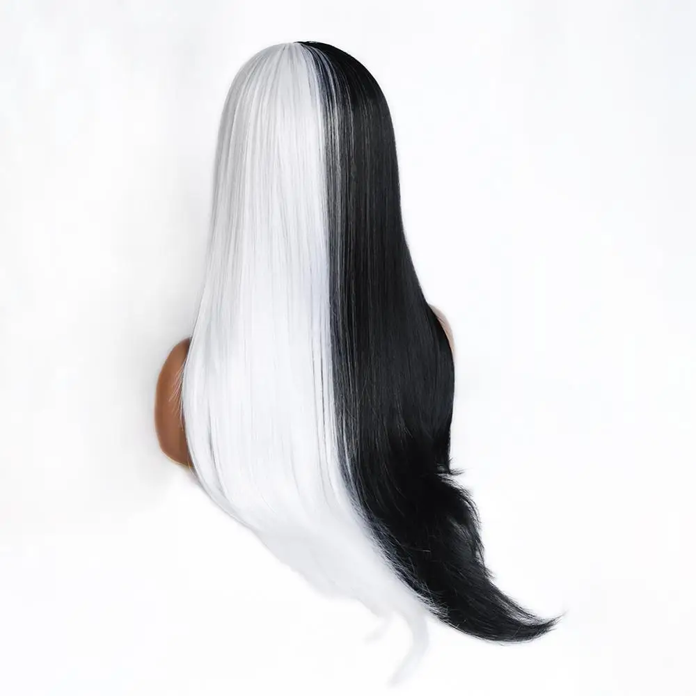 BEST QUALITY FAVE Black/White Half Long Straight Hair High Temperature Fiber Synthetic Wigs Halloween Cosplay Ca
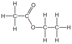The diagram shows the structure of a molecule of ethyl ethanoate.
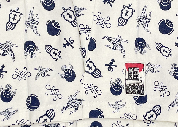 寿や鶴や、とにかくめでたい象徴とされるモチーフを全面にプリントした個性溢れるデザイン。
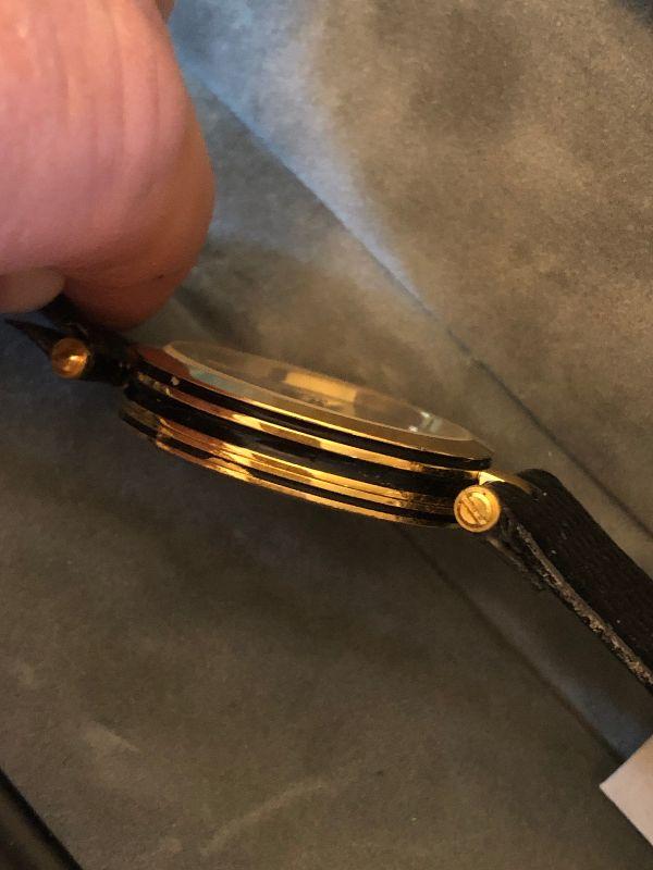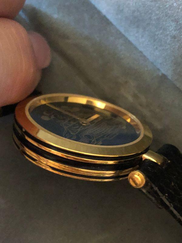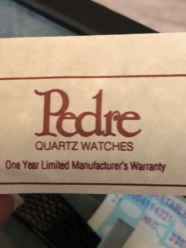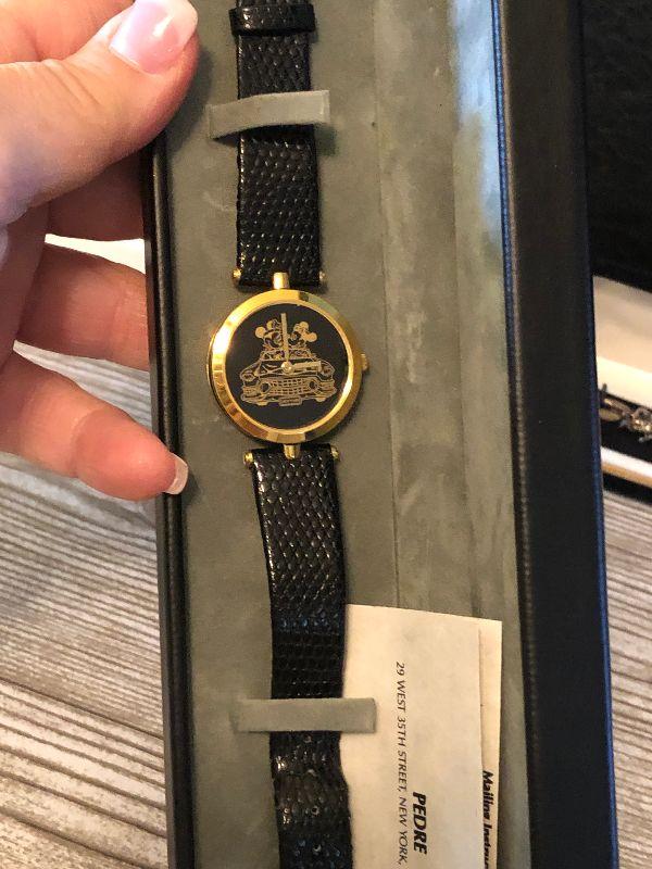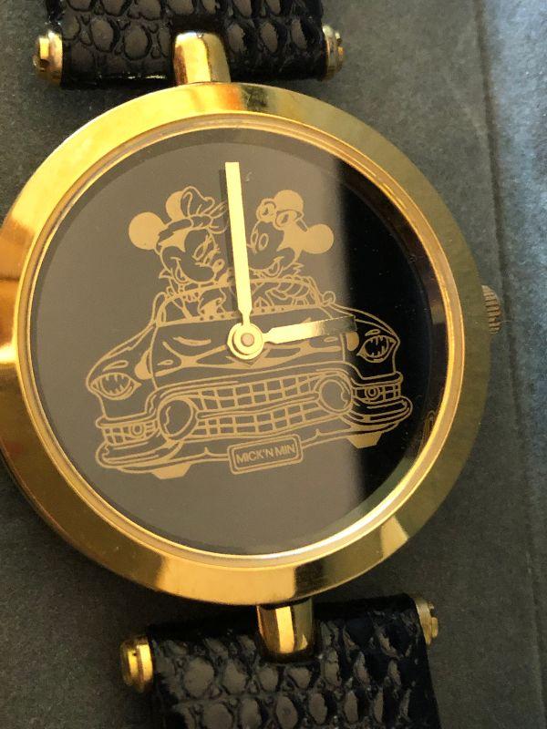 Mickey and Minnie watch with black leather band made by Pedre. Untested.
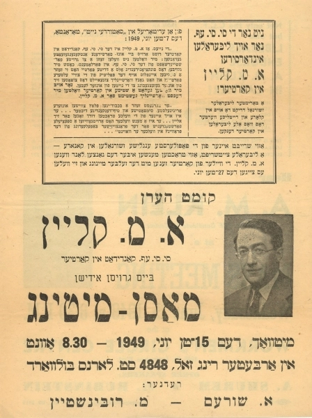 From 1932 to 1955, Klein was editor of the Canadian Jewish Chronicle and addressed subjects such as Nazism in Europe, Canadian Jewish social issues, and Zionism. In 1939, he began a long professional relationship with Samuel Bronfman and the Canadian Jewish Congress, working as a speechwriter and public relations consultant during one of the most critical moments in Canadian Jewish history, when the Congress was fighting domestic antisemitism as well as trying to save the Jews of Europe from Nazi oppression. In the midst of this busy period, Klein published in 1940 his first collection of poems entitled, Hath Not a Jew.
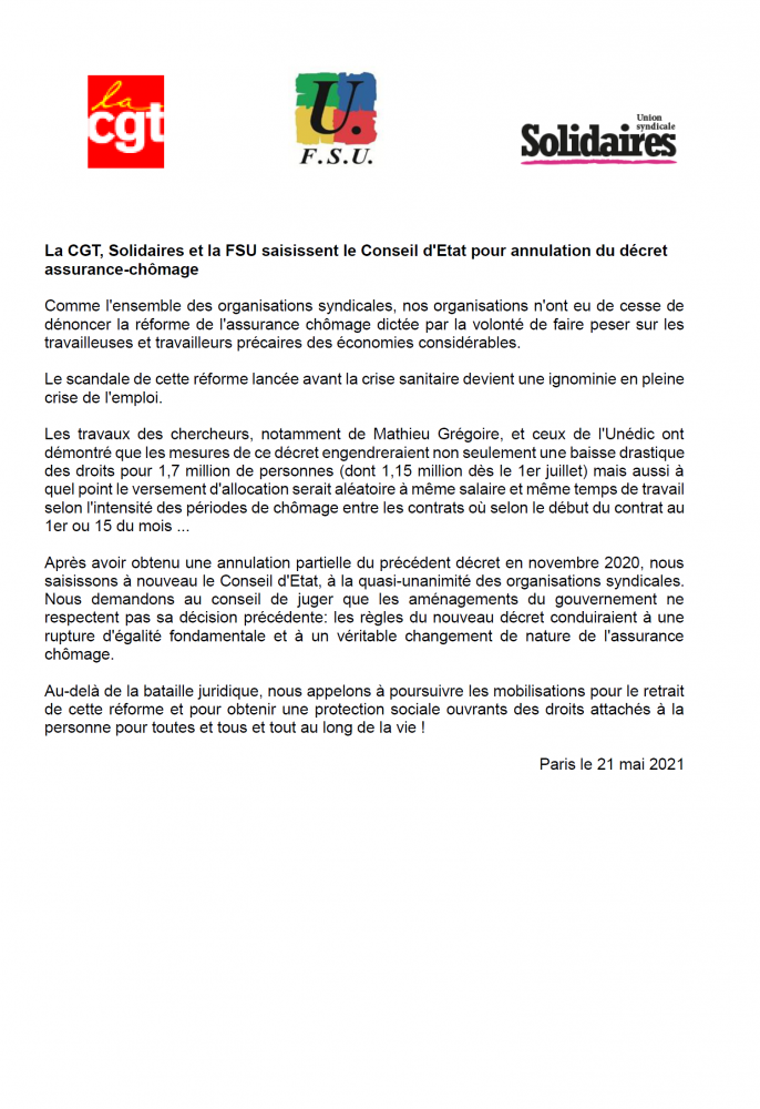 Après avoir obtenu une annulation partielle du précédent décret en novembre 2020, nous saisissons à nouveau le Conseil d'Etat, à la quasi-unanimité des organisations syndicales. Nous demandons au conseil de juger que les aménagements du gouvernement ne respectent pas sa décision précédente: les règles du nouveau décret conduiraient à une rupture d'égalité fondamentale et à un véritable changement de nature de l'assurance chômage.
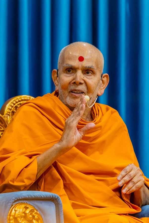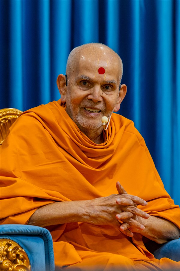 Atmatrupt Swami poses questions to Swamishri during an interactive session
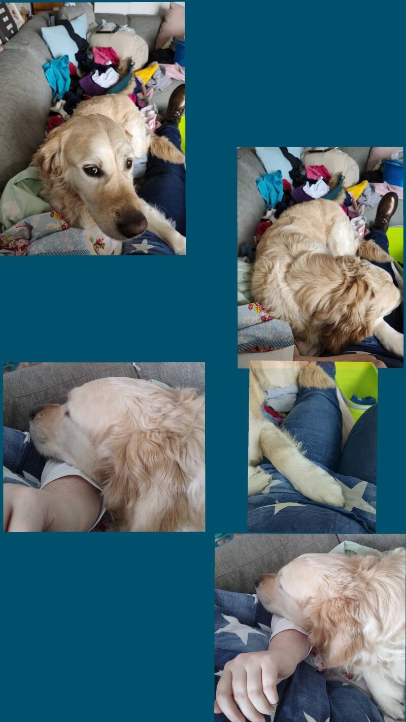 Op deze fotocollage dwingt Joyca mij tot rust. Ik had al een tijdje last van hartkloppingen en mijn hart sloeg steeds over. Dit signaleerde hij toen ik was aan het vouwen was en hij kwam prompt bovenop de was liggen met zijn kop op mijn arm, hierdoor moest ik wel rust pakken.
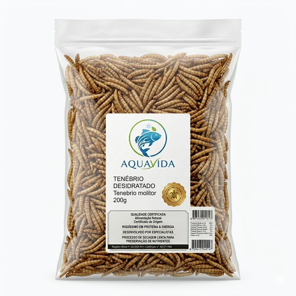 Tenébrio Desidratado Premium 200g AquaVida – Petisco Natural Rico em Proteína para Peixes, Répteis e Aves

### BRIEF
Your reply is the full set of entries reproduced exactly, with images omitted.

### ANSWER TO THIS EXERCISE
 BEST QUALITY FAVE Black/White Half Long Straight Hair High Temperature Fiber Synthetic Wigs Halloween Cosplay Ca
The diagram shows the structure of a molecule of ethyl ethanoate.
 寿や鶴や、とにかくめでたい象徴とされるモチーフを全面にプリントした個性溢れるデザイン。
 Mickey and Minnie watch with black leather band made by Pedre. Untested.
 From 1932 to 1955, Klein was editor of the Canadian Jewish Chronicle and addressed subjects such as Nazism in Europe, Canadian Jewish social issues, and Zionism. In 1939, he began a long professional relationship with Samuel Bronfman and the Canadian Jewish Congress, working as a speechwriter and public relations consultant during one of the most critical moments in Canadian Jewish history, when the Congress was fighting domestic antisemitism as well as trying to save the Jews of Europe from Nazi oppression. In the midst of this busy period, Klein published in 1940 his first collection of poems entitled, Hath Not a Jew.
 Après avoir obtenu une annulation partielle du précédent décret en novembre 2020, nous saisissons à nouveau le Conseil d'Etat, à la quasi-unanimité des organisations syndicales. Nous demandons au conseil de juger que les aménagements du gouvernement ne respectent pas sa décision précédente: les règles du nouveau décret conduiraient à une rupture d'égalité fondamentale et à un véritable changement de nature de l'assurance chômage.
 Atmatrupt Swami poses questions to Swamishri during an interactive session
 Op deze fotocollage dwingt Joyca mij tot rust. Ik had al een tijdje last van hartkloppingen en mijn hart sloeg steeds over. Dit signaleerde hij toen ik was aan het vouwen was en hij kwam prompt bovenop de was liggen met zijn kop op mijn arm, hierdoor moest ik wel rust pakken.
 Tenébrio Desidratado Premium 200g AquaVida – Petisco Natural Rico em Proteína para Peixes, Répteis e Aves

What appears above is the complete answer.